Reproduce the entire listing exactly. Leave the pictures out.
(Beginning of GIVEN INFORMATION)
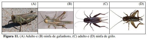Os ortópteros mais importantes são os grilos e os gafanhotos, ambos possuem o último par de pernas saltatória e na fase adulta seu primeiro par de asas é semelhante a asas de baratas (tegminas). Os grilos possuem coloração escura e as asas dos adultos quando em repouso assumem posição horizontal (Figura 11A), eles tanto na fase jovem (ninfas) (Figura 11B) como adulta atacam plantas pequenas cortando-as rente ao solo. Já os gafanhotos possuem diversas colorações e as asas dos adutos, quando em repouso assume uma posição inclinada (Figura 11 C). Tanto os adultos com a fase jovem (ninfas) (Figura 12 D) dos gafanhotos causam desfolha as plantas.
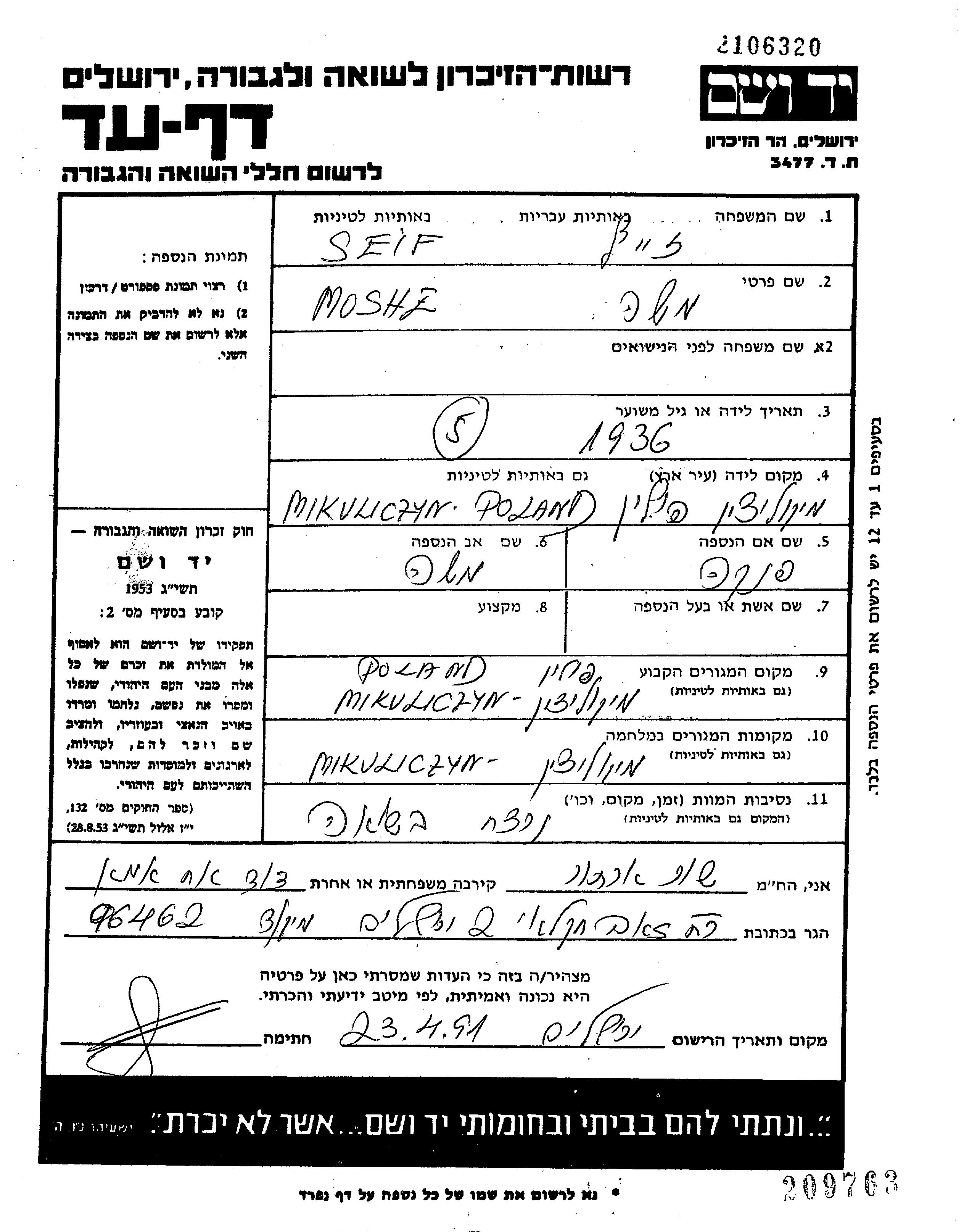 Moshe Zeif Zeitz est né à Mikuliczyn, Pologne en 1936. Avant la seconde guerre mondiale il vivait à Mikuliczyn, Pologne.
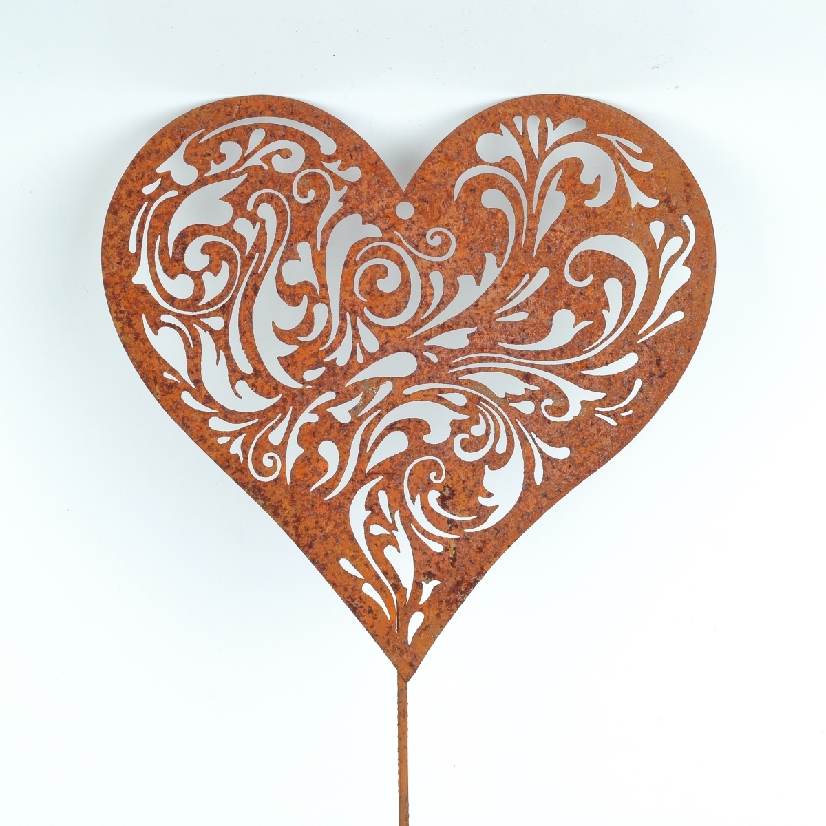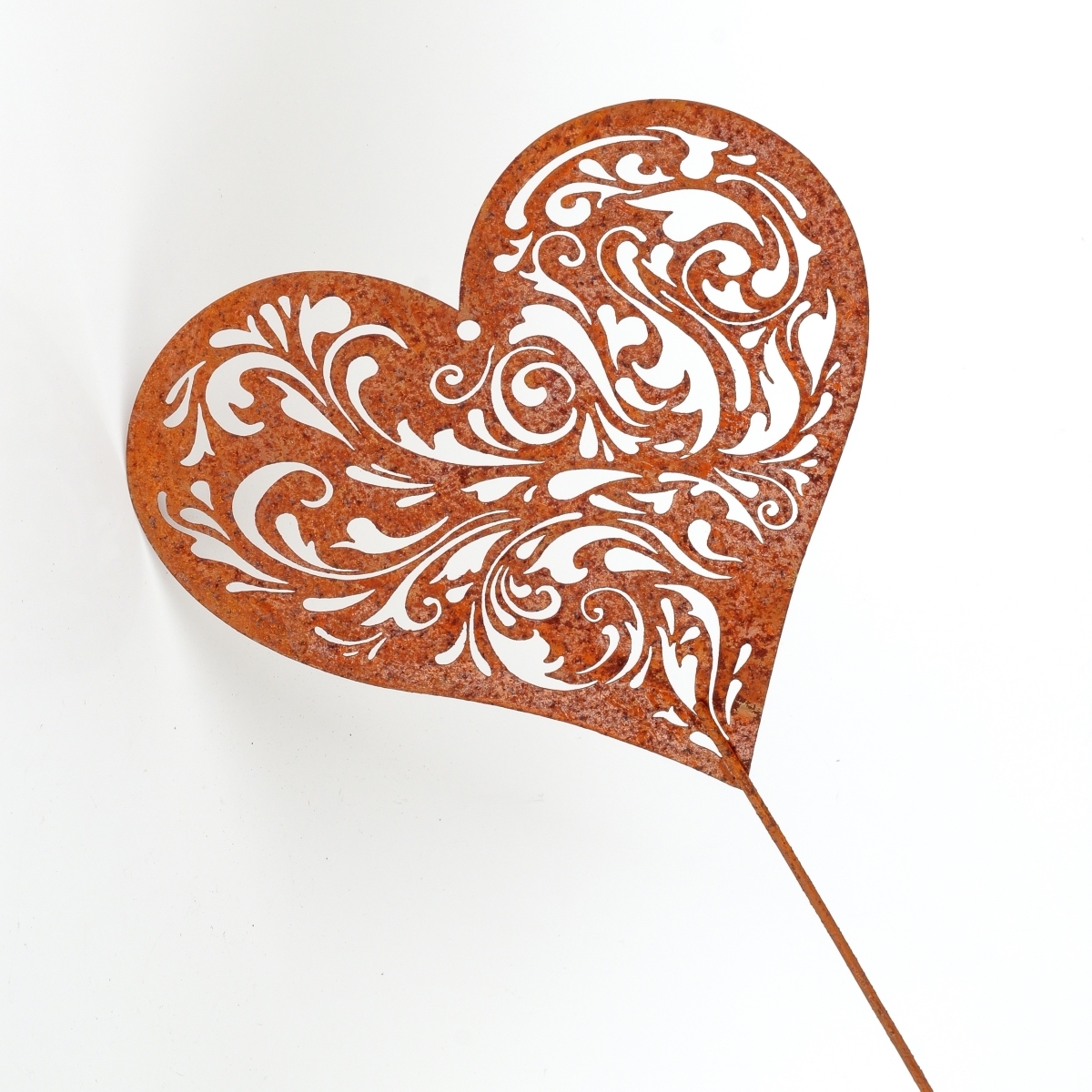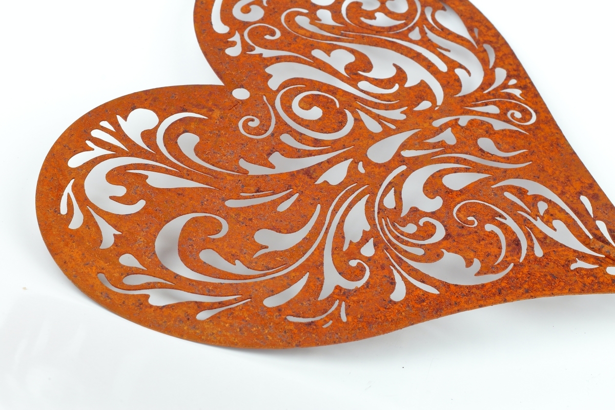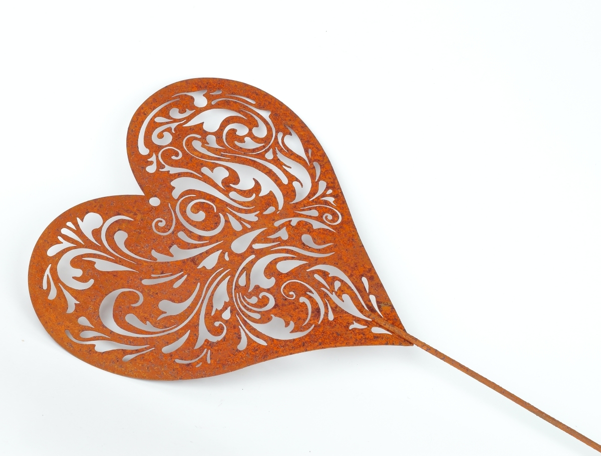 Kovový zápich do záhrady srdca z kovu s umelo vytvorenou dizajnovou hrdzou na povrchu. Telo srdca je perforované a môžu tak jeho povrchom prestupovať slnečné lúče. V trávniku alebo na posedení, sa vám tak budú zobrazovať neopakovateľné tiene prestupujúcich sa slnečných lúčov srdcom.
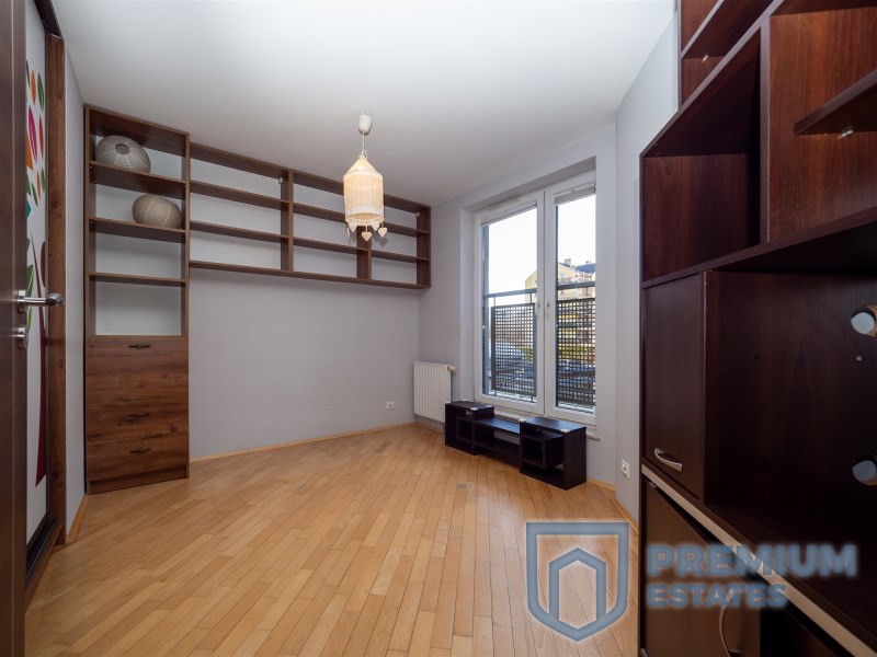 - Pokój dziecięcy lub gabinet z zabudowaną szafą, regałami. Możliwość dostawienia łóżek dziecięcych lub biurka.
(End of GIVEN INFORMATION)
• [RESPONSE TO THIS EXERCISE]
Os ortópteros mais importantes são os grilos e os gafanhotos, ambos possuem o último par de pernas saltatória e na fase adulta seu primeiro par de asas é semelhante a asas de baratas (tegminas). Os grilos possuem coloração escura e as asas dos adultos quando em repouso assumem posição horizontal (Figura 11A), eles tanto na fase jovem (ninfas) (Figura 11B) como adulta atacam plantas pequenas cortando-as rente ao solo. Já os gafanhotos possuem diversas colorações e as asas dos adutos, quando em repouso assume uma posição inclinada (Figura 11 C). Tanto os adultos com a fase jovem (ninfas) (Figura 12 D) dos gafanhotos causam desfolha as plantas.
 Moshe Zeif Zeitz est né à Mikuliczyn, Pologne en 1936. Avant la seconde guerre mondiale il vivait à Mikuliczyn, Pologne.
 Kovový zápich do záhrady srdca z kovu s umelo vytvorenou dizajnovou hrdzou na povrchu. Telo srdca je perforované a môžu tak jeho povrchom prestupovať slnečné lúče. V trávniku alebo na posedení, sa vám tak budú zobrazovať neopakovateľné tiene prestupujúcich sa slnečných lúčov srdcom.
 - Pokój dziecięcy lub gabinet z zabudowaną szafą, regałami. Możliwość dostawienia łóżek dziecięcych lub biurka.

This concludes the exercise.